The World Wrestling Association (WWA) (Asociación Mundial de Lucha Libre in Spanish) is a professional wrestling promotion based in the Tijuana-area of Mexico. It was founded in 1986 by Benjamin Mora Jr.. It featured some of Mexico's best luchadores at the time, such as Rey Misterio Jr., La Parka and Juventud Guerrera, during the late 1980s and early 1990s and was also featured on American television via the Fox Sports en Español channel.

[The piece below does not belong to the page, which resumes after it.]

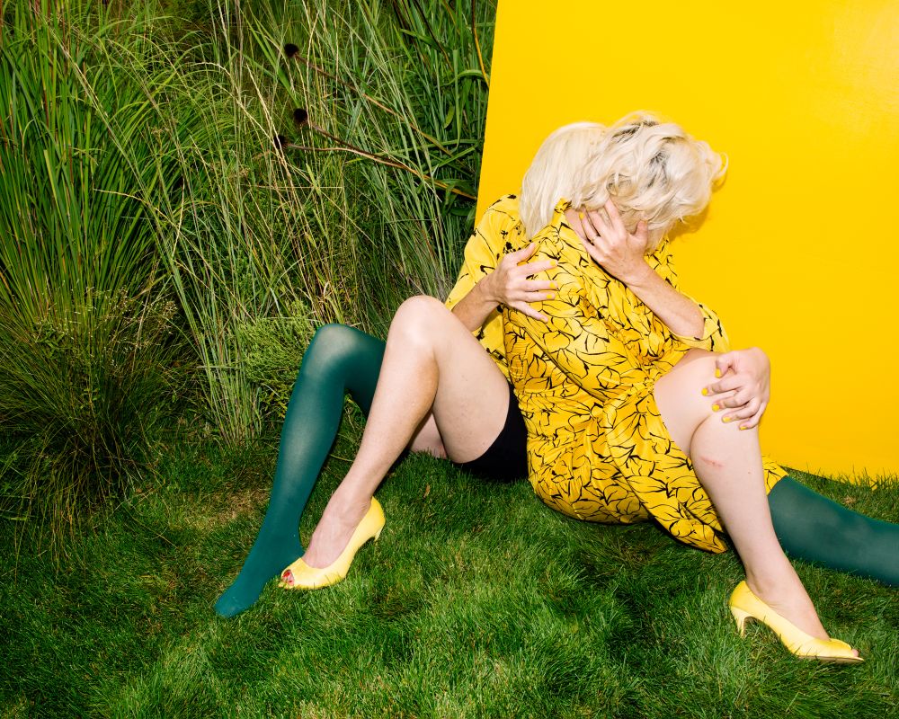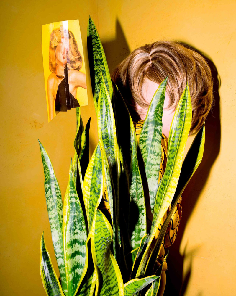 There’s a photo titled “Spread,” which depicts two people sitting on the ground with their legs positioned to look like the subject is only one woman with her legs open. Our eyes struggle to make sense of the image and to catch the trick. Another photograph titled “She Has Such an Expressionless Face” shows a woman, who indeed appears to have no face, hiding behind a houseplant commonly known as Mother-In-Law’s Tongue. In both of these images it is the details that ground us. We can recognize houseplants, mown grass, and the same yellow dress. The props remind us that the optical illusion we’re seeing is actually human.

Although inactive during the late 1990s, during which time much of its roster had left to compete in World Championship Wrestling and international promotions, the World Wrestling Association resumed operations in 2004.

==Championships==

| Championship | Current champion(s) | Date won | Days | Location |
|---|---|---|---|---|
| WWA World Heavyweight Championship | Rayo de Jalisco Jr. | March 21, 2003 | 8,444 | Tijuana |
| WWA World Junior Heavyweight Championship | Cien Caras Jr. | May 5, 2014 | 4,381 | Guadalajara |
| WWA World Junior Light Heavyweight Championship ^{1} | Atlantis | December 5, 2014 | 4,167 | Tijuana |
| WWA World Light Heavyweight Championship | Heddi Karaoui | November 11, 2013 | 4,556 | Mexico City |
| WWA World Lightweight Championship | TJ Boy | May 17, 2013 | 4,734 | Tijuana |
| WWA World Middleweight Championship | Olímpico | February 20, 2009 | 6,281 | Puebla |
| WWA World Minis Championship | Mascarita Sagrada | July 11, 2015 | 3,949 | London |
| WWA World Tag Team Championship | Bestia 666 and Damián 666 | December 5, 2014 | 4,167 | Tijuana |
| WWA World Trios Championship | Trios Fantasia (Super Muñeco, Super Pinocho & Super Raton) | December 14, 2013 | 4,523 | Tampico |
| WWA World Welterweight Championship | Bandido | September 28, 2017 | 3,139 | Aguascalientes |

===Footnotes===
^{1} Although the official WWA Junior Heavyweight title is currently being defended in Mexico, A disputed Branch of the title has surfaced in Japan.

==Roster==
The roster included some widely popular wrestlers such as:

- L.A. Park
- Super Parka
- Blue Panther
- El Hijo del Santo
- Rey Misterio Sr.
- Rey Mysterio Jr.
- Perro Aguayo Jr.
- Blue Demon Jr.
- Nicho el Millonario
- Juventud Guerrera
- Guerrero de la Noche
- Pentagon Black
- The Patriot
- Racing Dawg
- Espectro Jr.
- Scorpio Jr.
- Tiger Jeet Singh
- Alcatraz, Backstage interviewer (also Benjamin Moras Brother)
- Armando Munoz, Backstage interviewer
- Extreme Tiger
- Tinieblas Jr.
- Mil Mascaras
- Rayo de Jalisco
- Perro Aguayo
- Brazo de Plata (Super Porky)
- Kayra
- Lola Gonzales
- Shocker
- Vampiro

==On DVD==
In 2006 World Wrestling Organization was released on DVD. It features 25 matches from The WWA broadcasts that were featured on Fox sports en Espanol.